Musings on Bi: The Hidden Culture, History, and Science of Bisexuality by Dr. Julia Shaw (Folio, June, 2022)

Sep 1, 2022 | 2022 Fall - Parenting While Bi+

By Jane Barnes

At twelve I fell in love with Judy. We enjoyed caresses so natural that we didn’t think to hide or brandish ourselves. In 1957, two years later, I fell for a boy with the same dark looks and tenderness—though too literal for me. In my twenties I enjoyed threesomes, swinging and the rare sex party, and read Colette and Woolf—my brilliant bisexual heroines. At 31 and still bi-identified, in an open relationship with a smart bi man, I was happy; it worked.

Until I tried to turn a straight woman, and decided I must be a lesbian, and found a bona fide lesbian love, and left the lovely bi man. Oh, no. I was then invisible to myself. To everybody. After a few years I took a sexual sabbatical, dated a straight male and then married a lesbian for nine years, uneasy with my bisexuality. When that ended, I moved to New York and dated two brilliant straight men. Sequentially.
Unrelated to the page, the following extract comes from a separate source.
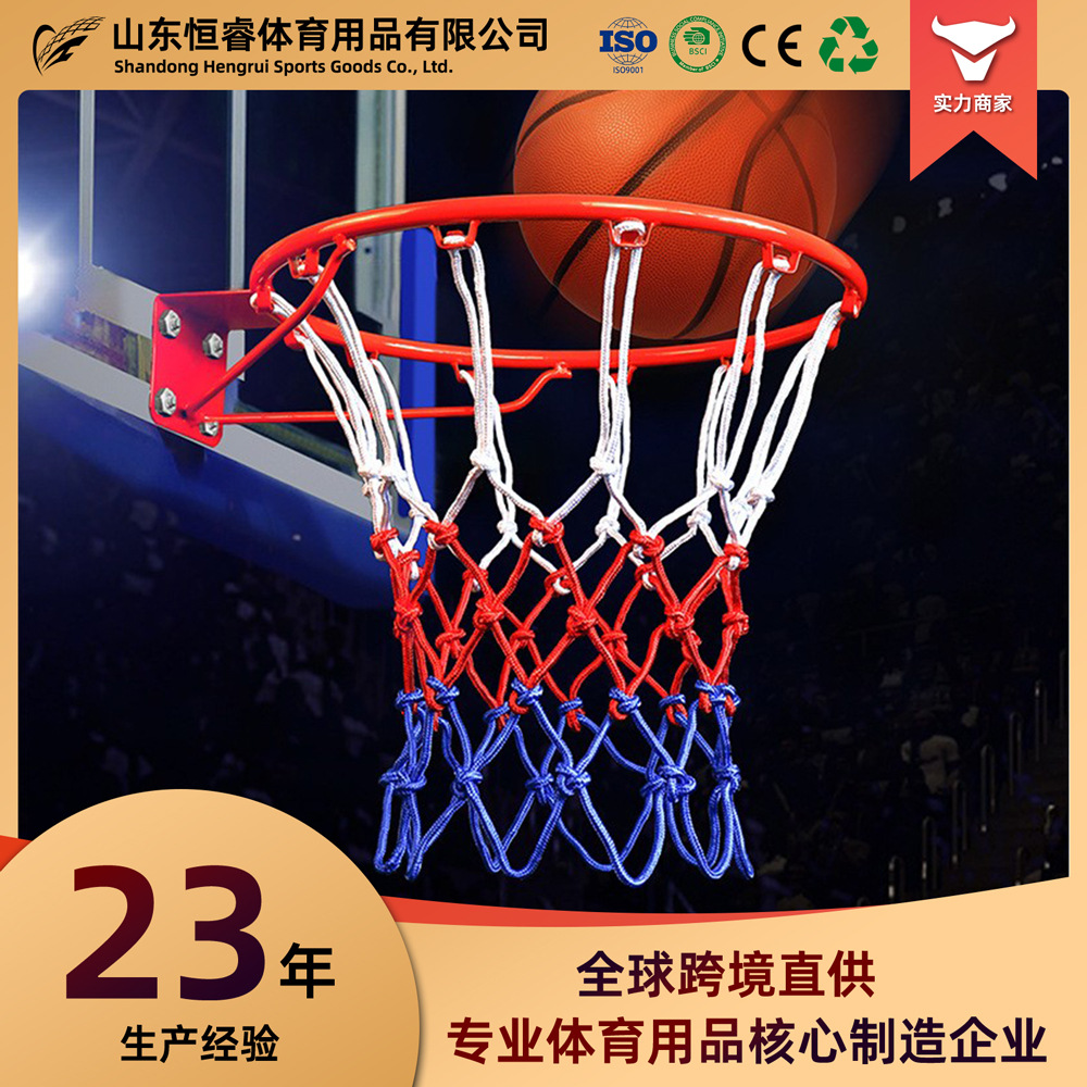 元のメーカーは太くて標準的なネットを掛けて、ポリプロピレンのバスケットボールネットの室内の室外の3色はバスケットボールの枠のテニスネットを編みます。

But who “read” me as bi? I wrote a poem “The Bisexual Headscarf” thinking of maybe sewing a blue batik kerchief, tied sixties-style feminist in the back, but I didn’t make one.  And if I had, wouldn’t I be seen as insatiable, indecisive, greedy, confused, or really gay or straight? And being 78.5 years old? Do we elders still even have a sexual nature? Way back in 1976 I wrote two poems, one about scary dykes and femmy dykes. They were popular, but unless you’re holding hands with a man and a woman, you don’t look bi. Even in poetry.

Never mind that you’ve got 45 years incognito in the lesbian community and—by just leaving the house—a whole life in the straight one. The default is lesbian or heterosexual.

Enter stage left Dr. Julia Shaw, whose photo shows a pretty, made-up (no pun), blond-haired woman. Great. When I accidentally opened her book to “I was in a lesbian bar…” I was thrilled to find an out bi with academic creds who was kinda looking bi too. After trying various combos of butch and femme, Shaw arrived at outfits of leather and lace, a tough jacket, a mini and heels. People finally got the message.

After running usefully through chapters on important early sex researchers, Shaw lists many organizations today where we bis can find our sisters—if in no actual bi bars. Her bi TV and movie mentions will help you find what to watch, including superheroes. She explores bis as erotic targets for het men (in a bad way), and triads as an outlet for het couples who want to open their relationships a crack (in a good way).

Where she’s really au courant is in her discussion of open relationships, threesomes, and combinations thereof. Since studies show 25% of all het couples have non-consensual affairs, why not follow some bis out of the monogamy straightjacket and think in broader terms? Why should “faithful” hets be the default?

Blind are the government and lawmakers when it comes to civil rights, immigration, etc. No law mentions us. Yes, Kyrsten Sinema (D-Ariz.) identifies as bi. Christy Holstege is the new mayor of Palm Springs, California, making her the first out bisexual mayor in the U.S. The rest are hidden in the alphabet of LGBTQ+. Meanwhile, this very summer bi men are visible, unfortunately, grappling with monkeypox.

Like Lady Gaga, we. were. born. like that. I love dark boys and blonde girls, talk-ish and bright, as bright as can be. Come on in, says Julia Shaw, The water’s great. Then what would we see in a photo or video of two men, two women, or a man and a woman in a café sipping lattes? Would we say “Ah, bis. Us! And what about me? I’m wearing a crossbody black canvas bag, into which is tucked a Revlon Super Lustrous lipstick in Dusty Rose, with thick black Birkenstocks on my feet below a fluttering, pink flowered dress. Oh, yeah, and some days, waving from my red walker. 

Jane Barnes is a New York City poet and novelist who has had work in 60 magazines and nine anthologies, lesbian and (finally) bi. Poems about Emily Dickinson are forthcoming in Wrongdoing Magazine, and Gay and Lesbian Review. She should be working on her Paris novel set in 1927.